While the treaty assures the right of peaceful passage on the high seas and through narrows that are territorial waters, we already have that right under international law. And for the past two centuries, we have had as guarantor of the right of free passage the U.S. Navy. Now, we will have it courtesy of the International Seabed Authority.

“It is inconceivable to this naval officer,” writes Adm. James Lyons, former commander of U.S. forces in the Pacific, “why the Senate would willingly want to forfeit its responsibility for America’s freedom of the seas to the unelected and unaccountable international agency that would be created by the ratification of LOST.

“The power of the U.S. Navy, not some anonymous bureaucracy, has been the nation’s guarantee to our access to and freedom of the seas. I can cite many maritime operations — from the blockade of Cuba in 1962, to the reflagging of ships in the Persian Gulf, to our submarine intelligence-gathering programs — that have been critical to maintaining our freedom of the seas and protecting our waters from encroachment. All those examples would likely have to be submitted to an international tribunal for approval if we become a signatory to this treaty. … This is incomprehensible.”

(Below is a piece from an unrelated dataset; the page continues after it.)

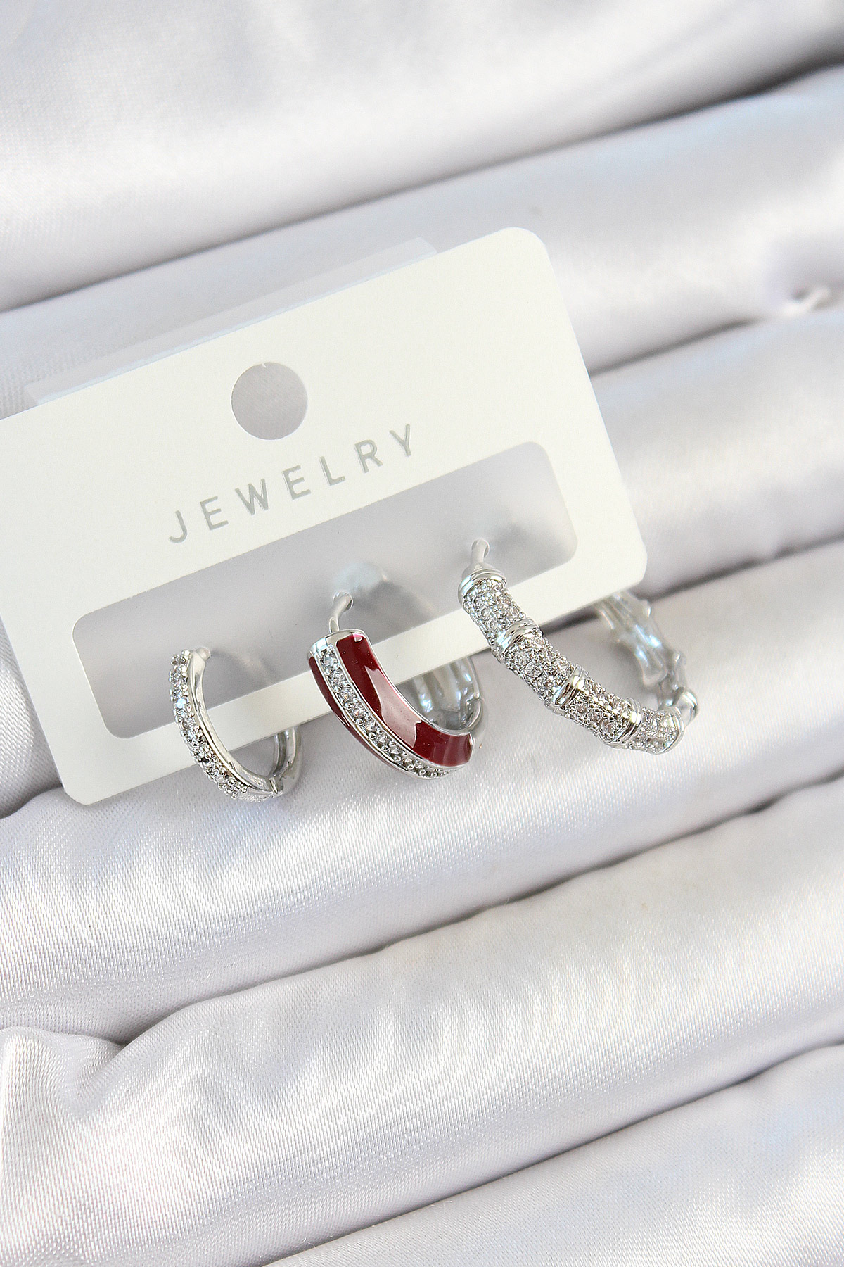 Pirinç Zirkon Taşlı Bordo Pembe Halka Model Gümüş Renk 3'lü Çift Kadın Küpe Set - TJ-BKP10791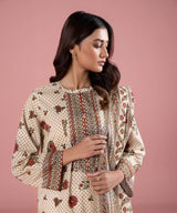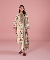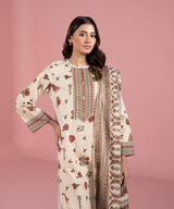 Immerse yourself in dainty patterned two-piece ensemble in off white featuring a voile dupatta.

U.S. warships today inspect vessels suspected of carrying nuclear contraband. In the Cold War, U.S. submarines entered harbors to tap into communications cables to protect our national security. Our subs routinely transit straits submerged. To do this, post-LOST, the Navy would have to get permission from an Authority composed of states most of which have an almost unbroken record of voting against us in the United Nations. Why are we doing this?

We note that this is not new news. The administration has had the same — inexplicable — position on this treaty for several years now.

One Response to “Lost at sea?”

  1. gs Says:

    Jeane Kirkpatrick (RIP) testified that the treaty is against the USA’s economic interests. Law professor Jeremy Rabkin asserts that it has negative national-security implications. Rabkin:

    Though the text was cast in its final form (apart from appendices) in 1982, the treaty was largely negotiated in the 1970s. That was not an altogether promising gestation period for international ventures. It was in the 1970s that newly independent states in what was then called “the Third World” achieved a reliable majority in the UN General Assembly. At the urging of the new majority, the UN proceeded to sponsor a whole series of ambitious new projects aimed at global redistribution of power and resources.